What is the background of this study?
AMPA subtype of glutamate receptors (AMPAR) are concentrated in the post-synapse, in front of glutamate release sites in small domains called nanodomains that we characterized two years ago using superresolution imaging. AMPAR do not come alone, but are associated with a variety of auxiliary proteins such as Stargazin that allows their stabilization in the post-synaptic density by interaction with scaffold proteins such as PSD95.

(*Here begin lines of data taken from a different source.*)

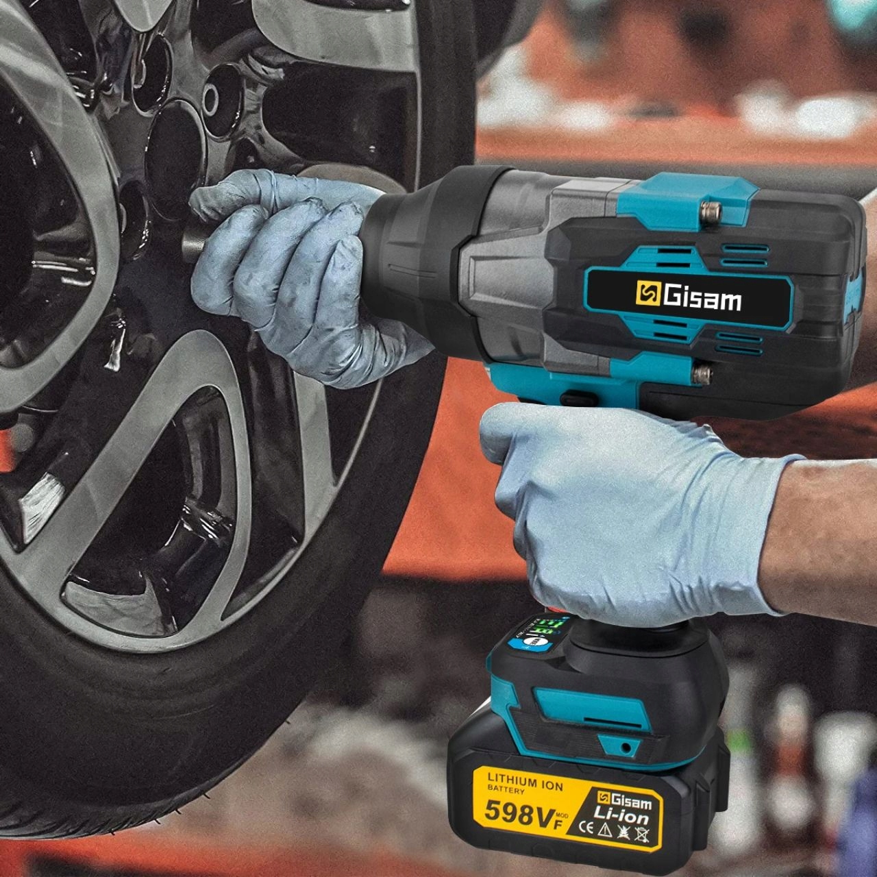 Безщітковий ударний гайковерт GISAM ідеально підходить для автосервісів, майстерень і для домашніх робіт, пов'язаних із заміною коліс. Ідеально підходить для відкручування та закручування колісних болтів на автомобілях, мотоциклах та інших транспортних засобах.
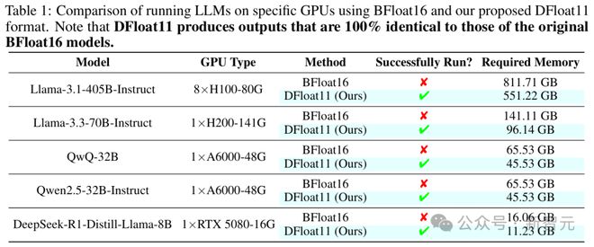 特别值得一提的是,DFloat11 成功地实现了 Llama-3.1-405B(810GB)在单节点上(8 块 80GB GPU)的无损推理。
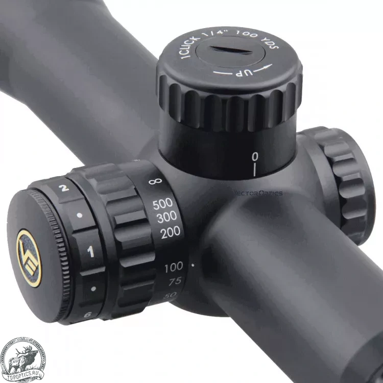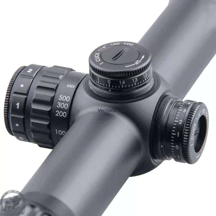 Барабаны классические охотничьи: низкие, с крышками, без блокировки положения. Ключевая особенность — подпружиненная система сброса на новый «ноль»: после пристрелки барабанчик оттягивается до упора вверх / вбок и прокручивается до «нулевого» маркера, затем опускается, фиксируя настройки. Поправки вносятся с шагом 1⁄4 MOA (или 7,3 мм/100 м), клики хорошо различимы тактильно и на слух. Дополнительный высокий барабанчик без разметки (и блокировки) может использоваться для расширения диапазона поправок на дальность или для использования другого шага поправок, например, в мрад.
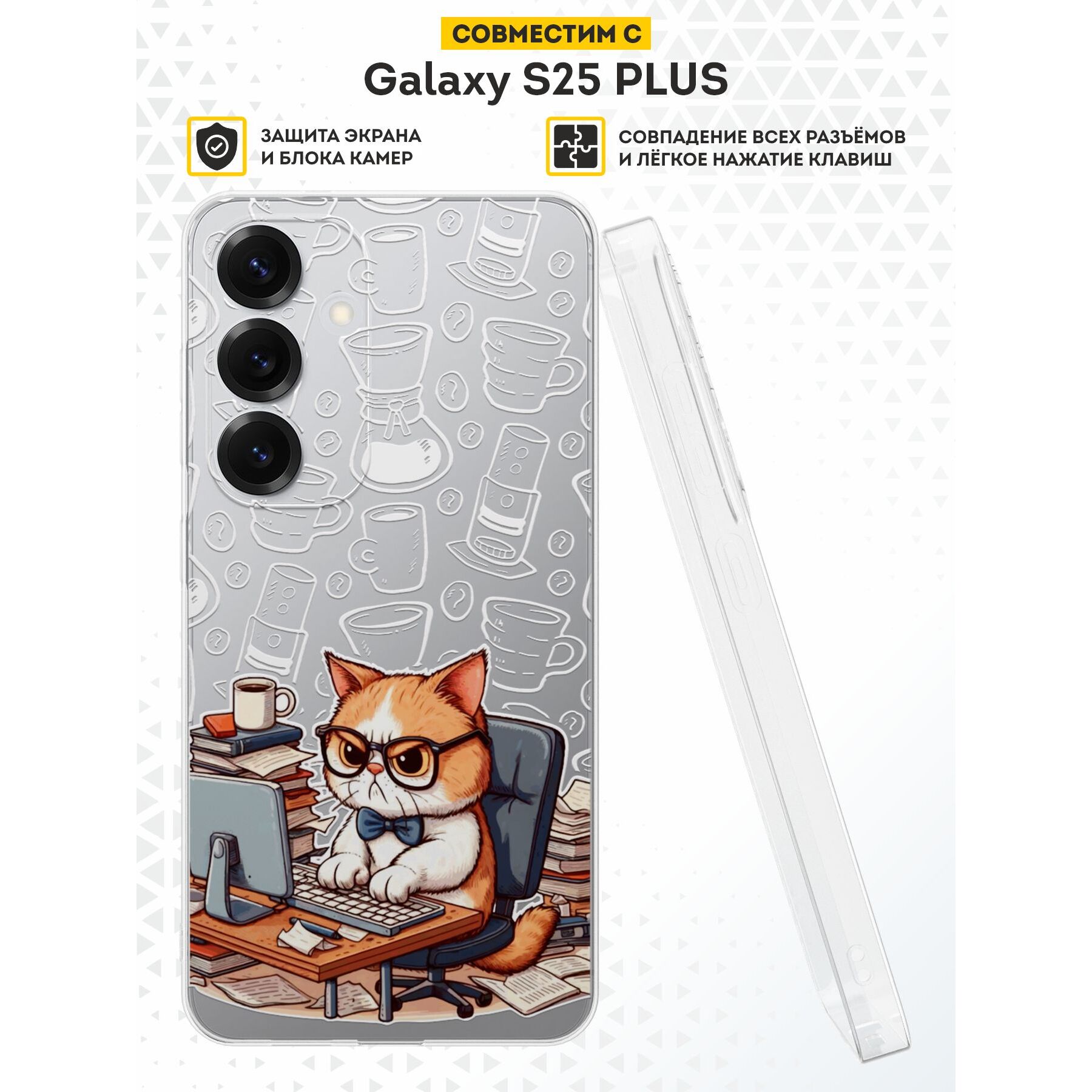 Силиконовый чехол DesignOnCase для Galaxy S25 Plus (Галакси С25 Плюс), Кот работяга

 What are the properties of basal synaptic transmission?   Upon electric stimulation, glutamate is released in the synaptic cleft and activates AMPA receptors that become open for a few milliseconds, allowing ion flow. Rapidly, activated receptors become desensitized and this leads to a decrease in post-synaptic current. This desensitized state is stable for tens of milliseconds. This creates a refractory period during which receptors cannot be re-activated, thus shaping the frequency dependent response of synapses in a process called short term plasticity.  When a second stimulus occurs within tens of milliseconds of the first one, only a small number of receptors are available for activation, hence the second response is much decreased in comparison to the first one.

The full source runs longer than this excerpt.